Metagenomics is a field of research that focuses on the sequencing of communities of organisms. This adds an additional layer of complexity to the analysis of short reads produced from metagenomics samples containing multiple sources of genetic information. Often these reads must be clustered or binned into their respective genomes before assembly or analysis of the reads can take place to avoid chimeric assembly results [9]. Multiple clustering and binning algorithms have been developed to address this issue [10–12]. While assembly results have been shown to be substantially improved by clustering metagenomics data before sequence assembly [13], overlap relationships retained by the assembly overlap graph are lost, leading to the removal of key global read overlap relationships and read similarities.
To address this issue, we previously introduced a short read analysis algorithm [14] that utilizes an overlap graph to model reads and their overlap relationships. Our algorithm utilizes Heavy Edge Matching (HEM) and graph coarsening methods [15] to efficiently reduce the overlap graph iteratively and to generate clusters of reads. At each graph coarsening iteration the algorithm outputs the reduced graph, producing a series of graphs representing the original read dataset across a spectrum of granularities. In comparison, most previous methods rely on a single graph to represent the read dataset, which may not capture all dataset features. The goal of our research is to create a multilevel approach that will allow for the extraction and analysis of dataset features at different information granularities that can be integrated into the assembly or analysis process. In our previous work, we applied our algorithm to cluster simulated reads representing a metagenomics dataset produced by the 454 technology. We then applied our algorithm to 454 bacterial datasets downloaded from NCBI to test our algorithm's ability to efficiently reduce and store the overlap graph.
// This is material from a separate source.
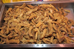 Grepole di guanciale, a dire ciccioli non mi ci ritrovo più di tanto, e pestöm, l’impasto fresco del salame, questi i miei due acquisti. Le prime derivate da una parte “nobile” per quell’uso, di certo non utilizzata per quei ciccioli pressati che non nascondono la loro assenza di qualsivoglia componente carnosa. Giusto equilibrio tra la parte magra e quella grassa, croccanti e gustosi, basta non abusarne per evitare sensi di colpa, mi suggeriscono due utilizzi: la loro aggiunta, tagliati a piccoli pezzi  – ma qui vengono proposte anche “le briciole” -, nel paiolo dove la polenta è praticamente a fine cottura, o messi nella pasta del pane con una punta di zucchero per assicurare il colore dorato al fragrante panino che se ne ricaverà. E il pestöm? Possiamo farne delle polpettine appena schiacciate che cuoceremo sulla griglia, al calore delle braci, oppure utilizzarlo per preparare un sugo, trito di sedano/carota/cipolla, pomodoro, vino rosso, chi lo ama una foglia di alloro o una punta di spezie, per condire della pasta: bigoi o pasta corta. L’ha in carta Stefano Cerveni al nuovo Due Colombe, l’aveva Vittorio Fusari al mitico Volto se ben rammento.

In this paper, we test the scalability of our algorithm and its ability to accurately cluster simulated Illumina read datasets at different genome coverages. We compare our algorithm's performance when applied to simulated 454 reads versus simulated Illumina reads. We also conduct a study using an Illumina metagenomics dataset downloaded from NCBI to evaluate the scalability of our algorithm. The obtained results show that our algorithm was able to substantially reduce the Illumina metagenomics overlap graph size and is scalable for large datasets. Results also demonstrate that our algorithm is practical for both 454 and Illumina data.
Results and discussion
In this section, we apply our graph coarsening and clustering algorithm to three Illumina metagenomics read datasets simulated at 5x, 15x, and 25x genome coverage. We evaluate our algorithm's graph coarsening and clustering results and compare them to results obtained by clustering a similar 454 metagenomics read dataset. Finally, we apply our algorithm to a large Illumina metagenomics dataset to demonstrate its scalability and ability to reduce large datasets. For all datasets, we report read overlapping and graph coarsening runtimes when ran on single or multiple compute nodes in a high performance computing environment.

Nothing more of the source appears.